Aim of the exercise: Transcribe everything in the listing below exactly, except the pictures.

Material provided:
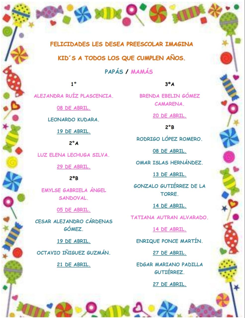 ¡APRIL BIRTHDAYS / CUMPLEAÑOS DEL MES DE ABRIL 2026! por Imagina | Abr 1, 2026 | Avisos | 0 comentarios
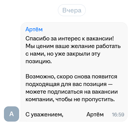 >>6291123 Так десятки отказов без объяснений это база для большинства сфер. Ну типа нормой считается, что 1 из 10 откликов заканчивается переходом на следующий этап: тестовое, звонок эйчарки, что-то еще. Если отказов больше - значит нерелевантное резюме или еще какой-то косяк. Меньше будет только в узких сферах, где 3.5 вакансии и столько же кандидатов.
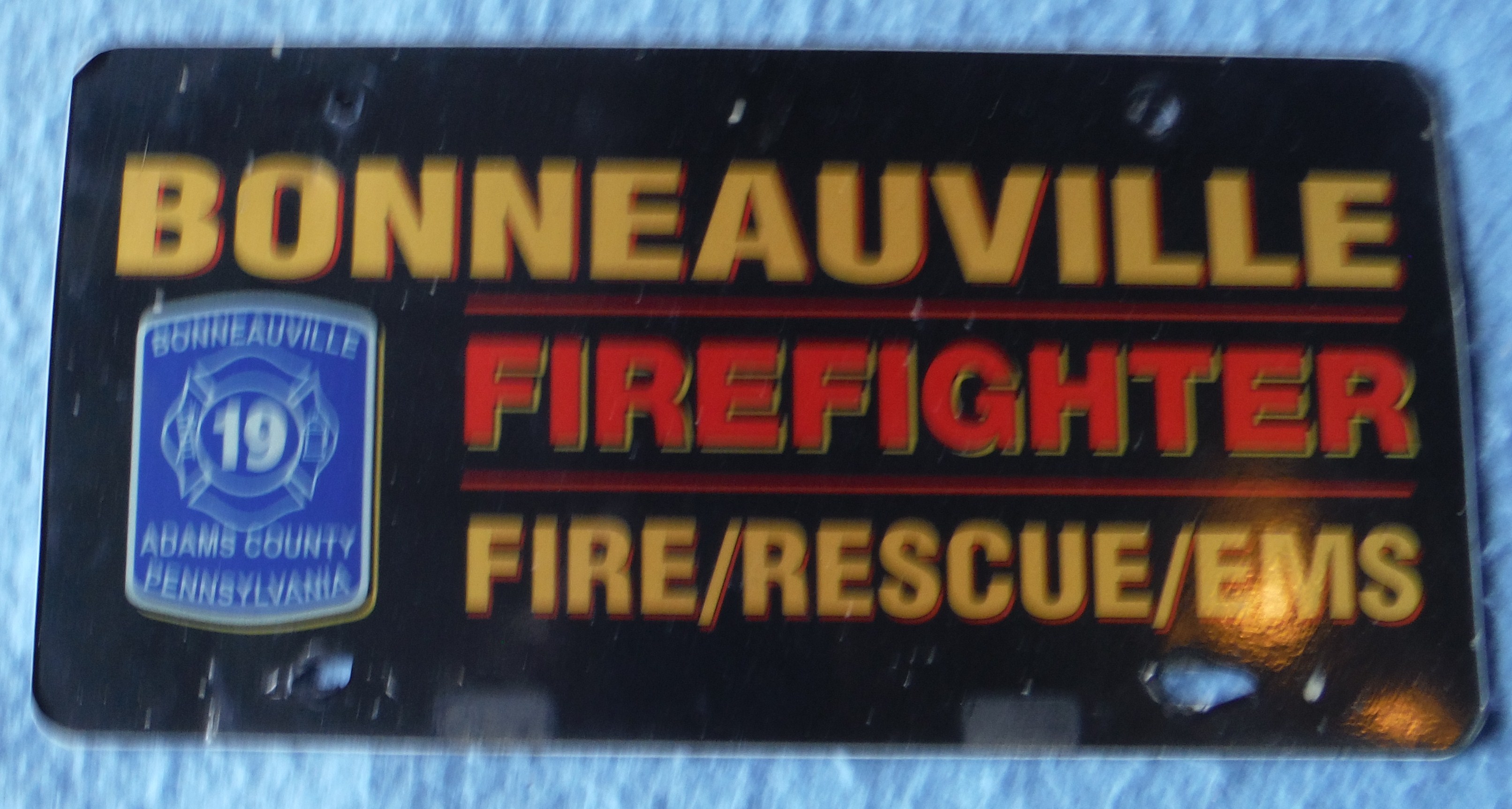Red and yellow on black vehicle liscense plate. "Bonneauville Firefighter, Fire/Rescue/EMS", with blue Co. 19 Logo.
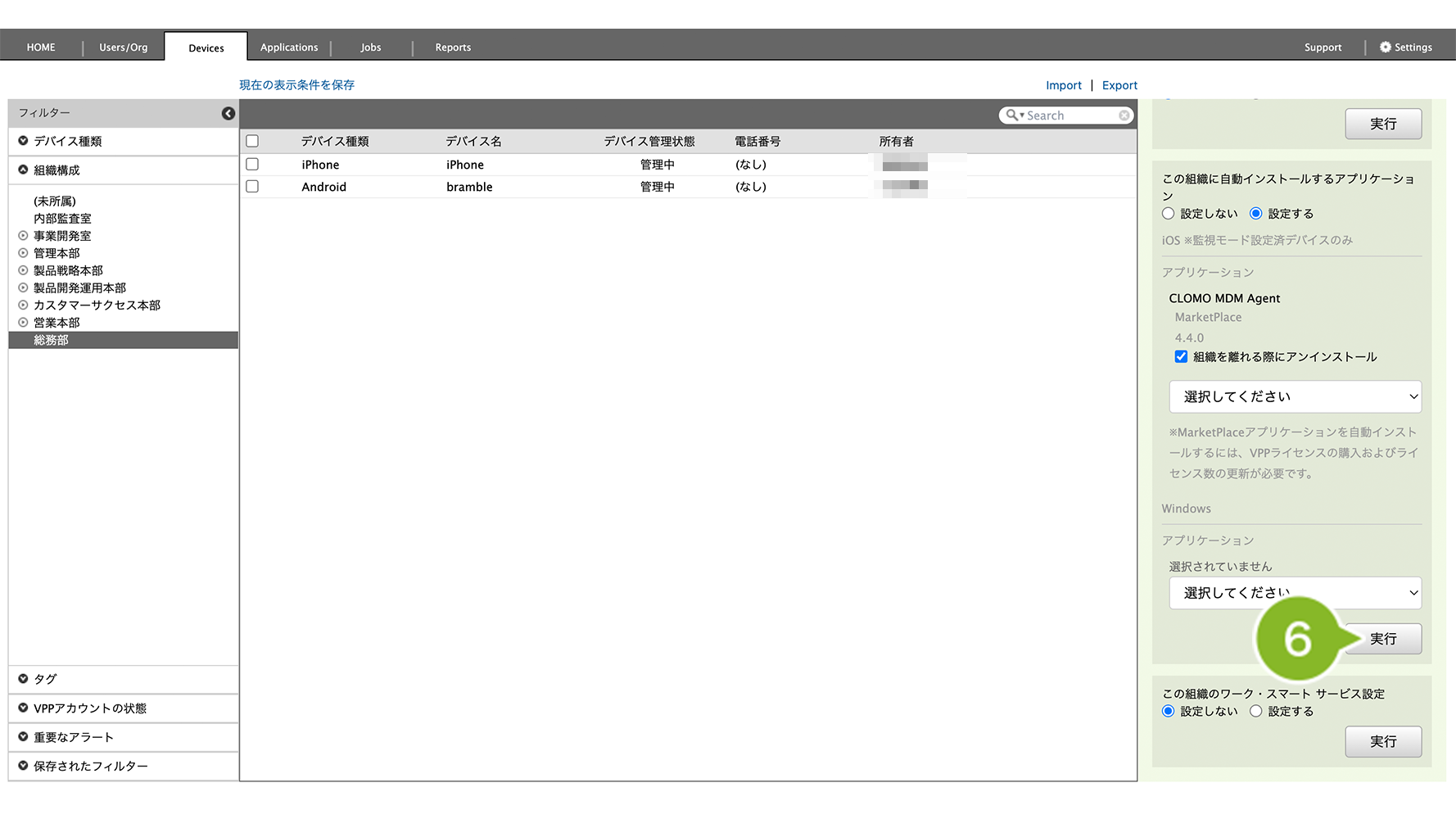 自動インストール設定をした場合、すでに管理下に登録済みのデバイスに対しては、保存や実行をしたタイミングでデバイスにインストールされますのでご注意ください。

Answer for the task:
 ¡APRIL BIRTHDAYS / CUMPLEAÑOS DEL MES DE ABRIL 2026! por Imagina | Abr 1, 2026 | Avisos | 0 comentarios
 >>6291123 Так десятки отказов без объяснений это база для большинства сфер. Ну типа нормой считается, что 1 из 10 откликов заканчивается переходом на следующий этап: тестовое, звонок эйчарки, что-то еще. Если отказов больше - значит нерелевантное резюме или еще какой-то косяк. Меньше будет только в узких сферах, где 3.5 вакансии и столько же кандидатов.
Red and yellow on black vehicle liscense plate. "Bonneauville Firefighter, Fire/Rescue/EMS", with blue Co. 19 Logo.
 自動インストール設定をした場合、すでに管理下に登録済みのデバイスに対しては、保存や実行をしたタイミングでデバイスにインストールされますのでご注意ください。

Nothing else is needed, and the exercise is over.